» **Aim of the exercise**: When writing out the entries below, keep only the lines from the line with "and Matt give" to the line with "MUAU SchmuckClous d'oreilles", both included, exactly as they are, and leave the pictures aside.

» **Material for this task**:
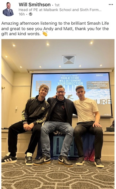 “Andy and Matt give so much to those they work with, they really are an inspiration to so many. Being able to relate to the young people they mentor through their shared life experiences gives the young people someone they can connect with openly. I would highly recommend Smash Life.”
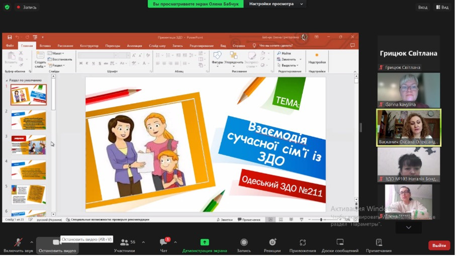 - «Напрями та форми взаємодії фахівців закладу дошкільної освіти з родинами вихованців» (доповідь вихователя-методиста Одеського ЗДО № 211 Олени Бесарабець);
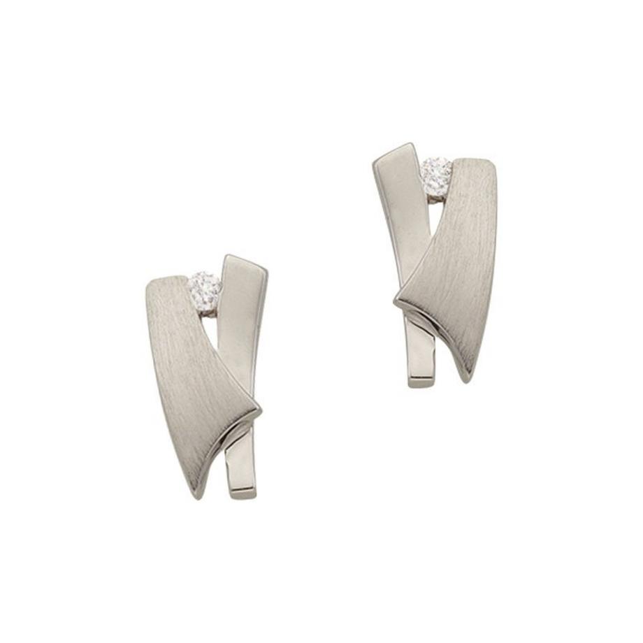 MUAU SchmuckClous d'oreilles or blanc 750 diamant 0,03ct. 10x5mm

--

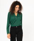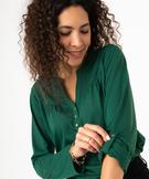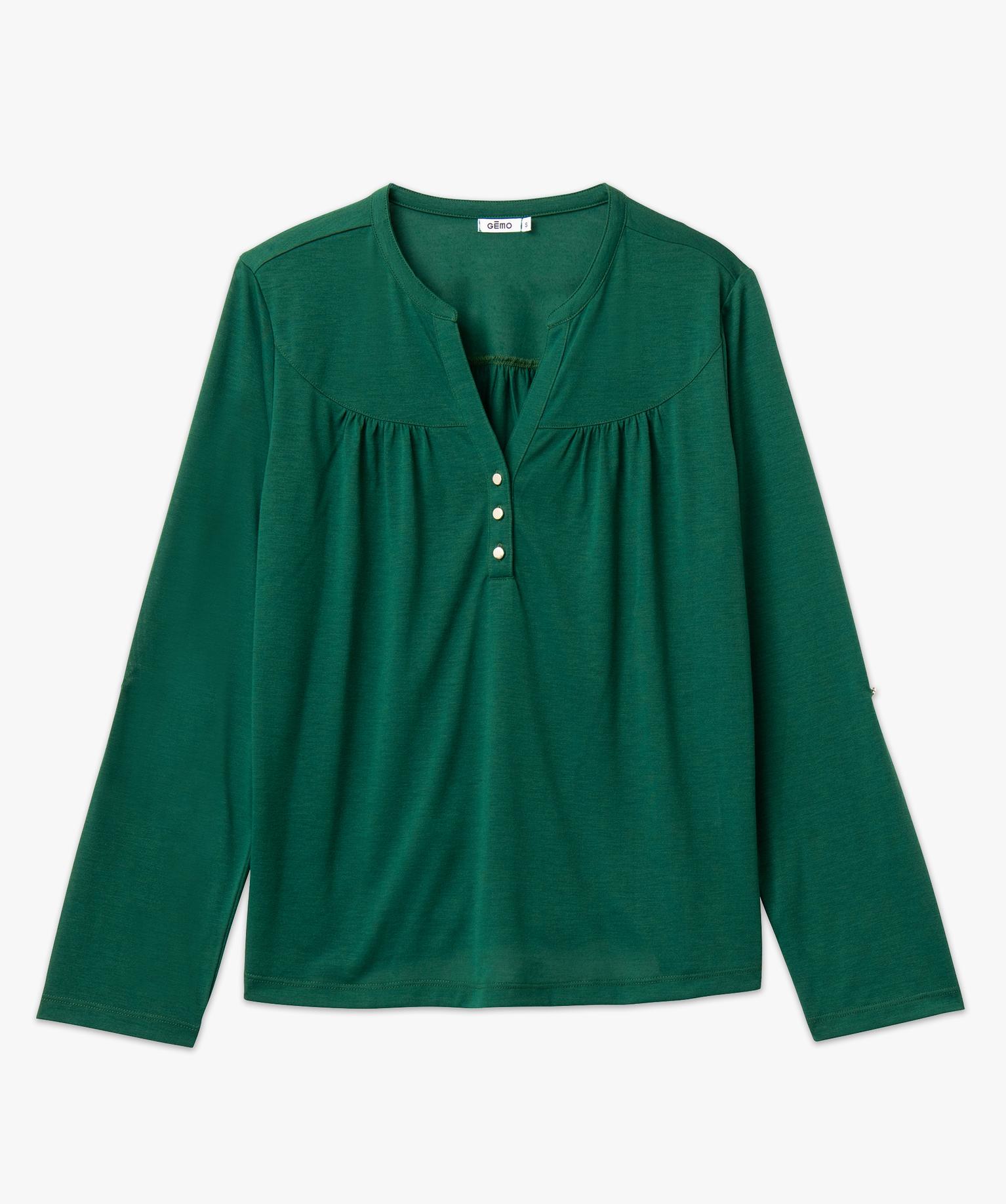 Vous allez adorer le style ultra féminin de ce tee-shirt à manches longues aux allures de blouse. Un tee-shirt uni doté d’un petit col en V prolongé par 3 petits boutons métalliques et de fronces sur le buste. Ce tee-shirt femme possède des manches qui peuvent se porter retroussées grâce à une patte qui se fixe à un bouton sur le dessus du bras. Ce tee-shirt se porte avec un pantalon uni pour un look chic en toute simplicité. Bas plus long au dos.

» **Solved problem**:
 “Andy and Matt give so much to those they work with, they really are an inspiration to so many. Being able to relate to the young people they mentor through their shared life experiences gives the young people someone they can connect with openly. I would highly recommend Smash Life.”
 - «Напрями та форми взаємодії фахівців закладу дошкільної освіти з родинами вихованців» (доповідь вихователя-методиста Одеського ЗДО № 211 Олени Бесарабець);
 MUAU SchmuckClous d'oreilles or blanc 750 diamant 0,03ct. 10x5mm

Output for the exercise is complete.